Compartmentalization of signaling molecules can occur in small, cholesterol-enriched, flask-shaped membrane invaginations termed “caveolae” (11, 13, 34, 39). Caveolins, of which three isoforms have been cloned (cav 1–3), are structural components required for caveolae formation (11, 13, 34, 39). Although all three caveolins have been identified in vascular smooth muscle cells, caveolin-1 is the primary isoform (9, 18, 28, 34, 39). Supporting a role for caveolae in the regulation of arterial smooth muscle local Ca²⁺ signaling is evidence that acute cholesterol depletion with dextrin inhibits Ca²⁺ sparks (23). Similarly, transient K_Ca current frequency is reduced in cerebral artery smooth muscle cells of cav-1-deficient (cav-1^−/−) mice, when compared with wild-type controls (10). In ureter smooth muscle cells, K_Ca channels are found in buoyant membrane fractions, and in cultured myometrial cells K_Ca channels are localized to caveolae (1, 3). Thus cav-1 and caveolae may regulate Ca²⁺ sparks and K_Ca channels in smooth muscle.

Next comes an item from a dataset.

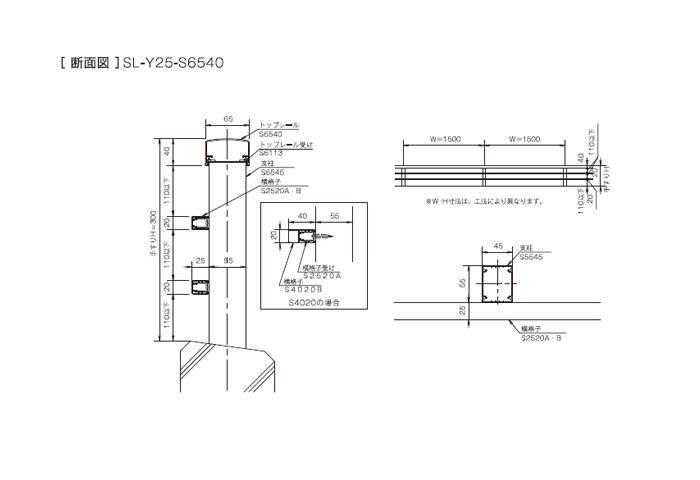 すべてカクの形状で構成された横格子手すりの基本形です。支柱の太さは2種類あります。トップのみ「半ダエン」に変更できます。
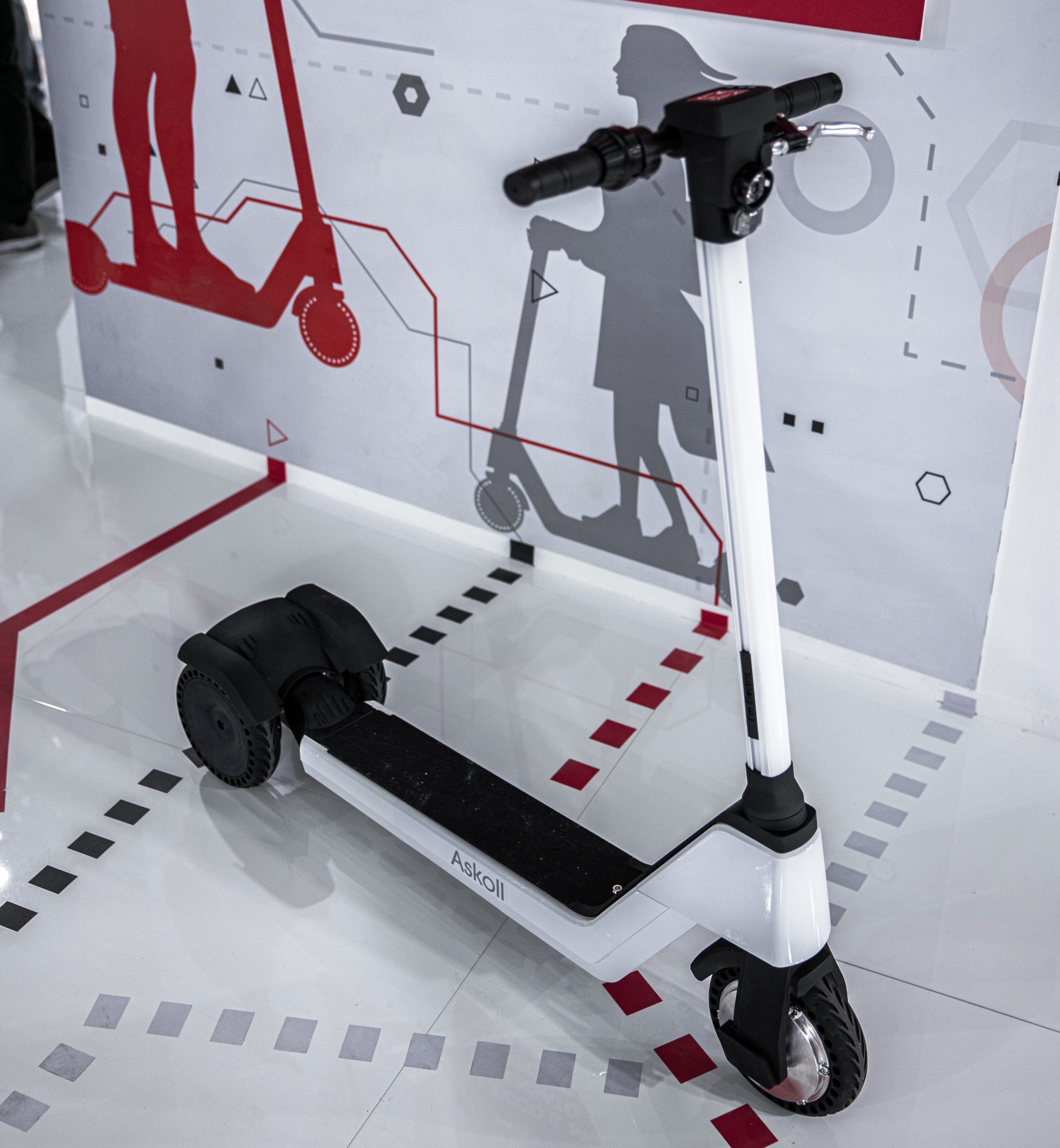 Progettato e sviluppato per la mobilità condivisa e per affrontare anche manti stradali irregolari, eKick è dotato di tre ruote, una anteriore e due posteriori. Il motore elettrico brushless Askoll ad alta efficienza energetica è posizionato nella ruota anteriore ed è alimentato da una batteria agli ioni di litio con una capacità complessiva di 400 Wh e 2,6 kg di peso che garantisce 35 Km di autonomia.Dotato di tracker GPS, telemetria e connettività wireless, è caratterizzato da un design pulito ed elegante: tutti i cavi sono nascosti nel telaio e la batteria, estraibile, è posizionata all’interno della pedana, garantendo così una maggiore stabilità.

Here, the communication between voltage-dependent Ca²⁺ channels and RyR channels that generate Ca²⁺ sparks and signaling between Ca²⁺ sparks and K_Ca channels was investigated in cerebral artery smooth muscle cells of cav-1^+/+ and cav-1^−/− mice. Data indicate that cav-1 ablation abolishes caveolae, elevates Ca²⁺ spark frequency, and attenuates Ca²⁺ spark regulation by voltage-dependent Ca²⁺ channels. In contrast, transient K_Ca current activation by Ca²⁺ sparks is unaltered in cav-1^−/− cells, even though there is an increase in K_Ca channel density.

MATERIALS AND METHODS

Tissue preparation

Animal procedures used were reviewed and approved by the Animal Care and Use Committee policies at the University of Tennessee. Age-matched (4–6 wk) cav-1^−/− mice (Cav1^tm1Mls, stock no. 004585; see Ref. 33) or wild-type control (cav-1^+/+) mice were purchased from Jackson Laboratories (Bar Harbor, ME). Mice were killed by peritoneal injection of a pentobarbital sodium overdose (130 mg/kg). The brain was removed and placed into ice-cold (4°C) physiological saline solution (PSS) containing (in mM) 112 NaCl, 4.8 KCl, 26 NaHCO₃, 1.8 CaCl₂, 1.2 MgSO₄, 1.2 KH₂PO₄, and 10 glucose and gassed with 74% N₂-21% O₂-5% CO₂ (pH 7.4). Posterior cerebral, cerebellar, and middle cerebral arteries (∼150 μm in diameter) were removed, cleaned of connective tissue, and maintained in ice-cold Ca²⁺-free buffer (solution A) containing (in mM) 55 NaCl, 80 Na glutamate, 5.6 KCl, 2 MgCl₂, 10 HEPES, and 10 glucose (pH 7.3 with NaOH). For single cell isolation, smooth muscle cells were dissociated from cerebral arteries with the use of enzymes, as previously described (14).

Electron microscopy

The brain was fixed in PSS containing 2.5% glutaraldehyde for 1 h. Cerebral arteries were dissected from the fixed brain, cleaned of connective tissue, and postfixed in 1% osmium tetroxide in PSS for 4 h. Arteries were then rinsed briefly in deionized water and en bloc stained with 2% uranyl acetate in 0.85% sodium chloride overnight at 4°C. Arteries were dehydrated in graded solutions of ethanol, from 30% through 100% for 1 h each, infiltrated with 50% Spurr in 100% ethanol overnight at room temperature, 100% Spurr over an 8-h period involving at least three changes of Spurr, and then cured at 60°C for 2 days. Transverse sections (75 nm) were cut with a Reichert Ultracut E microtome and poststained with uranyl acetate and lead citrate. Cells were observed and photographed with a JEOL 2000EX TEM located in the Electron Microscope Facility at the University of Tennessee Health Science Center.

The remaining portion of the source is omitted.